But in my sister's brand new laptop, the coloring is all faded and yucky looking. Why is that?

Also, if you have a newer screen/monitor, can you tell me if this looks faded to you?
http://i22.tinypic.com/16lai2t.jpg
[I know it's small]

2007-10-15 18:09:43 · 3 answers · asked by meh 2 in Computers & Internet Hardware Monitors

3 answers

Short answer:

Because laptop screens are not very good.

Long answer.
colour reproduction is done by combining different levels of red green and blue light coming from the monitor. These little dots of light are so small and so close together that they look like a different colour as opposed to little red green or blue dots.

For CRTs the light comes from a phosphor that has been mixed with other chemicals to change the colour, this is then excited with a beam of electrons to produce light. For a LCD the light comes from a bright florescent bulb and is then blocked in varying levels by the liquid crystal material and then passes though red green or blue filters to produce coloured light.

So for a CRT, you are limited by what colours you can persuade the phosphor to glow. You can not get the full range (gamut) of colours that you can see, but you can get 75% there easily.

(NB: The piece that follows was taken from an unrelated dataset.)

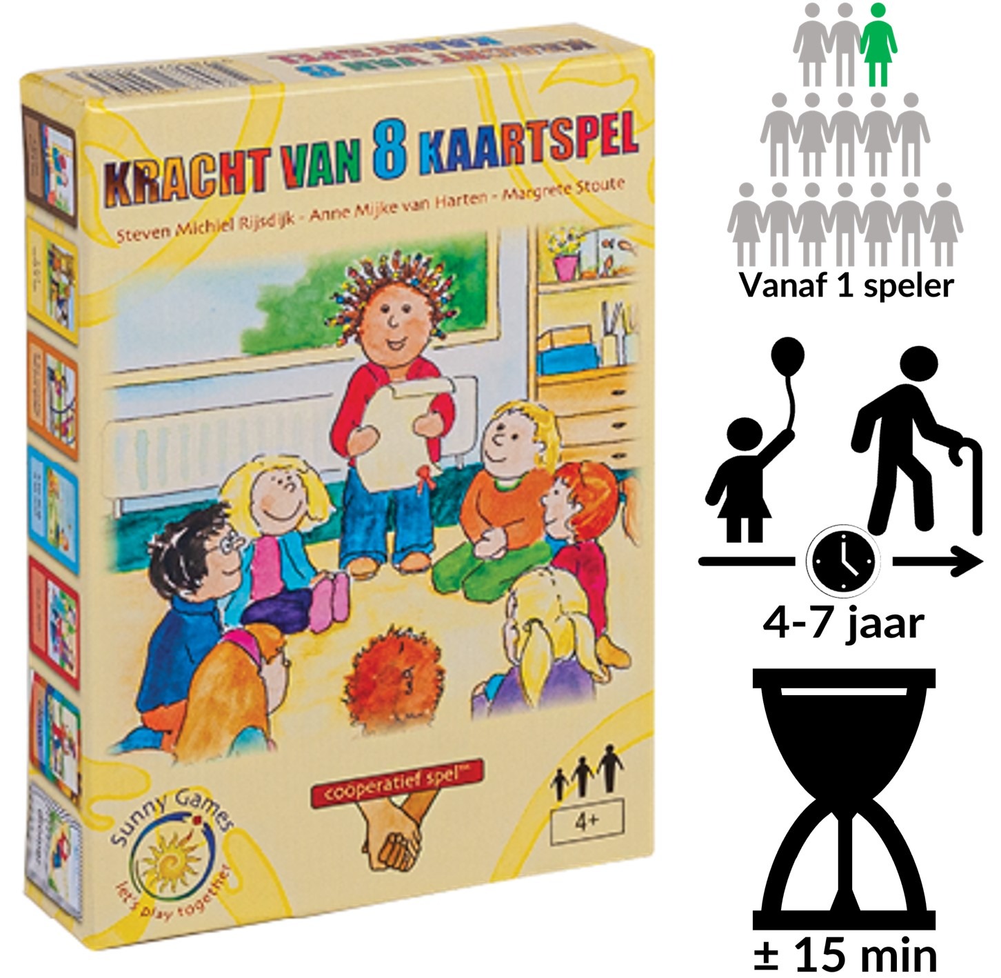 Het Kracht van 8 kaartspel is thuis, op de basisschool en bij individuele begeleiding van kinderen te gebruiken. Het kaartspel draagt bij aan een positieve manier van met elkaar omgaan. Alle spellen kunnen met een groepje kinderen gespeeld worden; een deel ook met z’n tweeën of zelfs alleen. Een krachtkaart trekken kan ook: de kaart dient dan als steuntje in de rug of als speels begin van een gesprek.

For an LCD however you are blocking most of the light. >50% of the light is lost going through the polarizer and liquid crystal material, then you lose more light going though the filters. The more saturated you make the filters the more light you lose. So there is a trade off, you can have a bright picture, but with washed out colours, or more saturated colours available but with a dim picture. Laptop screens are the worst because for a discrete monitor you can up the power of the backlight to get a brighter picture with the more saturated filters, but a laptop is space, power and heat constrained so the panels tend to let though more light at the cost of colour reproduction and blackness.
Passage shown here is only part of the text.